This is mainly comin' from the fact that some people I might have wanted to meet have, somehow, already gotten a first impression of me. Huh, you don't say. But, that doesn't really matter. Not much does, at the moment. Got a nice apathetic feelin' goin on, it's cooooooo man. Jussss chillllll. Ah, well. Doesn't matter. Not like *they* will read this. Dear you people, OMGWTF YOUR INFORMATION IS SEVERAL MONTHS OLD, LOL. Signed, Kenneth A. Howell.

Fucking walking corpses. That's what I used to call those types of people, you know. People who are worthless hulks of organic material, wasting the air around me by existing. I had a genuine *need* to kill them with *something*. Knives, guns, fists, ropes. It was Ken with the Rope in the Library. I guess I can't anymore. I'm passed those *dramatic music* angry, teen years. So, they're just misinformed. Misinformed by people who should have known better than to misinform them.

Then again, who knows the full story here? I don't. Lol, I sure as hell don't. So, I suppose I've come to the distinct, unique and utterly intelligent conclusion that it doesn't matter. As a matter of fact, it's time to close out this section with some confusing, unrelated dribble.

Dear Diary,

Today I ate my own arm. It felt warm, zesty. Blood was kinda like a thin pasta sauce just.. saltier. It could have used some more cheese.

But, then again, it can *always* use some more cheese.

Love,
Armless Jon.

To keep you warm.

Welp, that felt good.

Anyway, what's new in the life of Ken? F'ed up sleeping habits, for one. It's almost 7 AM and you know what that means- TIME FOR BED! =D Nah, I kid. I think I'm going to try to pull an allnighter so I can adjust my sleeping habits to semi-normal. Other than that, logic sucks sometimes. It sucks alot. No need for the story behind that statement just take my word for it. Been listenin' to some good old fashioned rock lately from the likes of Clutch and Kyuss. You've prolly never heard of them, but they are some nice rock bands. Clutch is still around but Kyuss broke up in '95 I think. Songs still rule though. Been driving some more lately, avoiding car wrecks is kind of hard when you are a fast driver. But, I'll slow down eventually. Yee-ap. Sure will.

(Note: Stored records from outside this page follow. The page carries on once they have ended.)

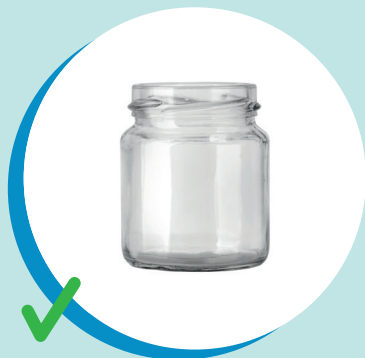
VASETTO IN VETRO
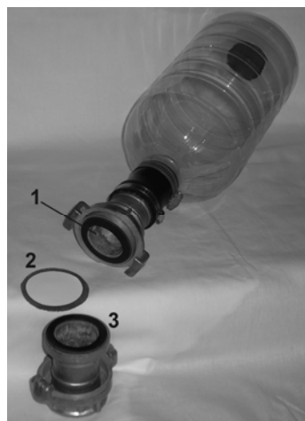
Рис. 2. Эксплуатация устройства: 1 – через горловину заливается отмеренный объем пробы; 2 – мембранный фильтр помещается на сетку и вкладывается между фланцами держателя; 3 – ответная часть фланца держателя фильтра

Для концентрирования фитопланктона нужен необходимый объем пробы заливать в банку через разомкнутый фланец держателя фильтра (рис. 2). Затем, в положении вверх горловиной, на фланец поместить мембранный фильтр с опорной сеткой-подкладкой, накрыть ответным фланцем и стянуть поворотом замка на 1/4 оборота. Образуется плотное соединение, исключающее протекание фильтруемой воды. Приспособление устанавливается горловиной вниз, к вентилю в дне банки подсоединяется насос и нагнетается воздух (рис. 3). Можно использовать любой велосипедный или автомобильный насос.
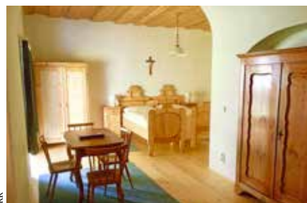
Neuer Wohnkomfort in historischem Umfeld.
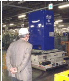
音声ガイド機器とキャップを付けて2代のマイクロバスに分乗してフォレスト見学。その後、広い工場見学。毎年国内外から10,000人以上の見学者が訪れます。
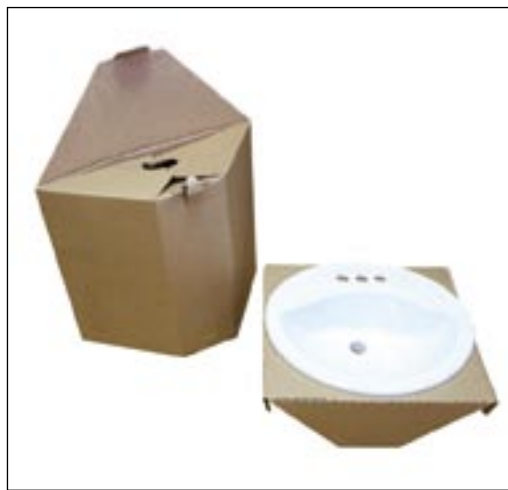
3. kép. Mosdókagyló csomagolása
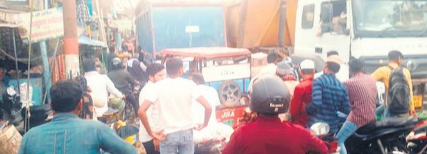
चौराहे पर डंपर के चलते लगे जाम में फंसे वाहन।

टाइम होने से रोजेदारों को भी जाम का सामना करना पड़ा। पुलिस पिकेट होने के बाद भी कोई पुलिसकर्मी मौके पर जाम
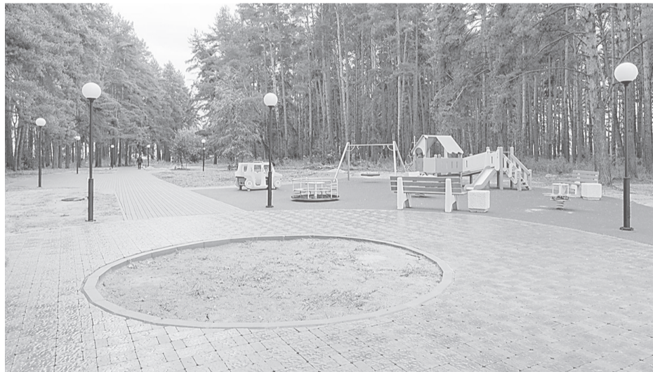
Первый этап создания «Экопарка» в Заволжском сельском поселении завершен

Благодарю за внимание к моей просьбе. Спасибо, что вы подключаетесь к решению этих важных для области вопросов. Вы любите ярославцев, и они вам тем же отплатят», – сказала Терешкова.
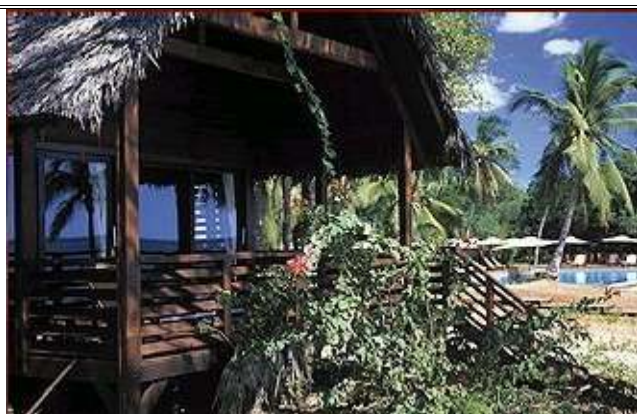
På avstand minner de om vanlige gasser hytter, men når vi kommer nærmere, ser vi at dette er byggverk av en helt annen standard. Det er mørkbeisede trehytter med stråtak.
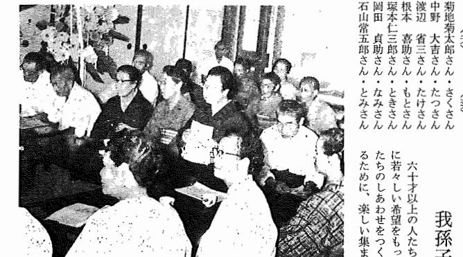
【我孫子老人クラブ結成会に集まったおとしよりのたち】

敬老・母子家庭慰安の会 九月十日(日)現在で、市内に引続き五年以上居住している満九十歳以上のおとしよりの七人に対して、果からの敬老金支給。
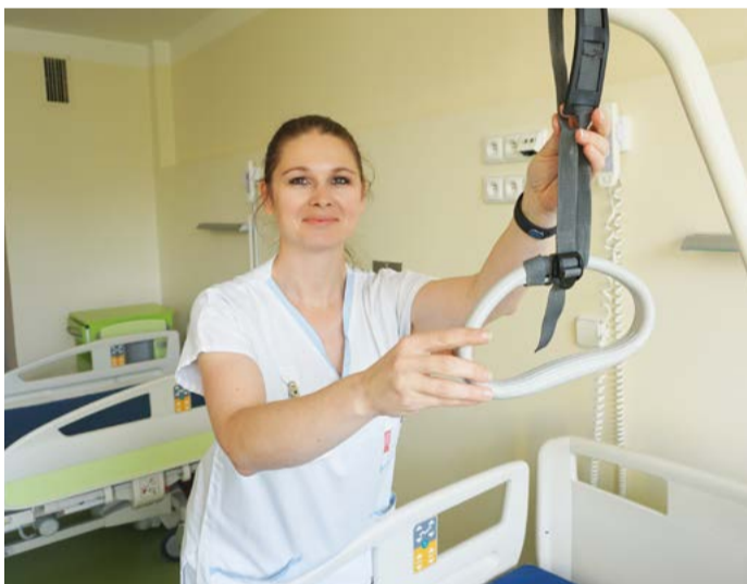
Náborové příspěvky Pro nově nastupující zdravotníky vyčlenil kraj ve svém rozpočtu 5 milionů korun.

Kraj na příspěvky vyčlenil v rozpočtu 5 milionů korun. „Díky náborovým příspěvkům se nám daří stabilizovat počet zdravotníků v našich nemocnicích, proto jsme se rozhodli je vyplácet i v roce 2020. Příspěvky budeme rozdělovat mezi nové lékaře a zdravotníky těch oddělení nemocnic, která bychom potřebovali personálně posílit. V karlovarské nemocnici je to kardiologie, plicní a interna, v nemocnici v Chebu interna a chirurgie, v Sokolově interna, pediatrie a radiologie
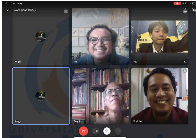
Dokumentasi Saat Sidang Tugas Akhir Berlangsung

Link : https://meet.google.com/wvx-ppio-hbb
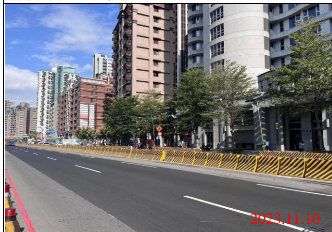
巡查日期地點：112.11.10/ Y23車站 照片說明：路面狀況
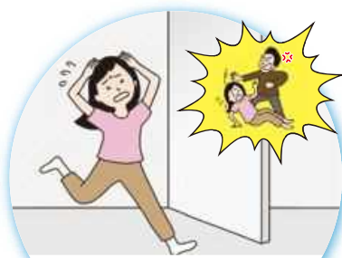
人に襲われる感覚を覚え、外に走り出す
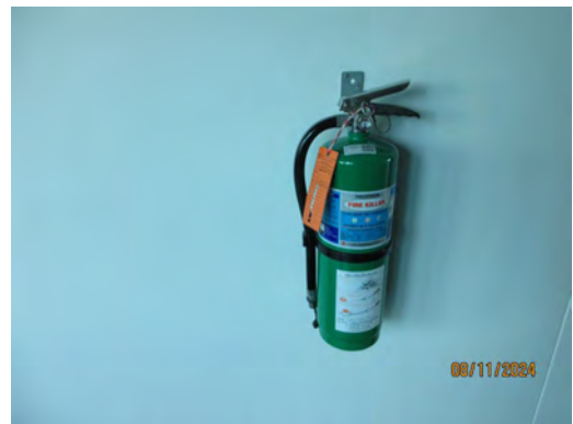
ภาพที่ 2-36 อุปกรณ์ดับเพลิงภายในอาคาร
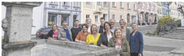
Das Agenda.Zukunft-Kernteam lädt zum Mitmachen ein.

So werden etwa vom Team „Nah versorgt, ohne Leerstand“ Ideen
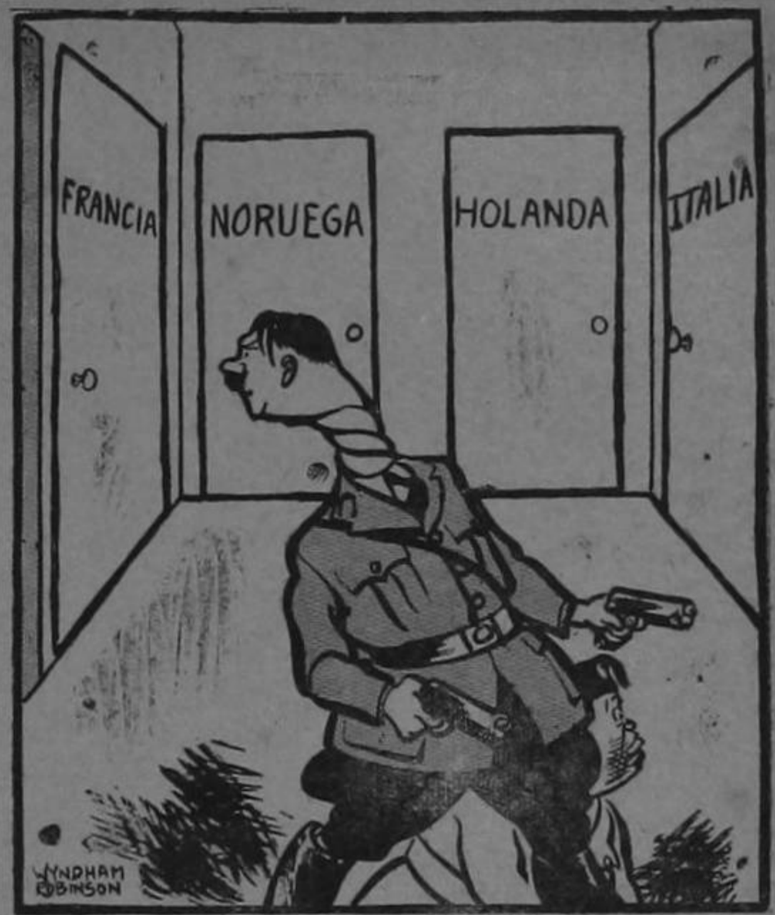
UNA CRISIS DE NERVIOS

Aside from that, welcome to Boresville. Population : Me.

Empty fossil.

Valentine's Day is here, yay. There are various types of people you will meet when talking about this holiday. Let's identify a few of them.

The Pissed Teenager- Has had a short but unsweet history with the holiday. Usually has darker tones to his/her avatar or banner and seems to be very pessimistic about romance. Often mistaken for an emo-kid.

The Pissed Pre-Teenager Has had no experience with the holiday but is determined to convince everyone that it is really going to suck. I mean really, really going to suck. Often has signatures full of smiley-faces or sentences constructed in stereotypically pre-teenage ways. Often mistaken for a Pissed Teenager.

The Quiet Optimist- S/he likes Valentine's Day. Date or no, it's still a good holiday. Probably will provide you with some of those little candy hearts or a nice little greeting card.

The Frugal Outsider- They don't have much experience with love, but who the hell would spend hundreds of dollars on someone they love with all their heart? I mean, jeez. How crazy can people get.

The Not-So-Frugal Insider- They have had experience with love and are, for some reason, broke right now. If asked why they are broke, they just grin at you oddly.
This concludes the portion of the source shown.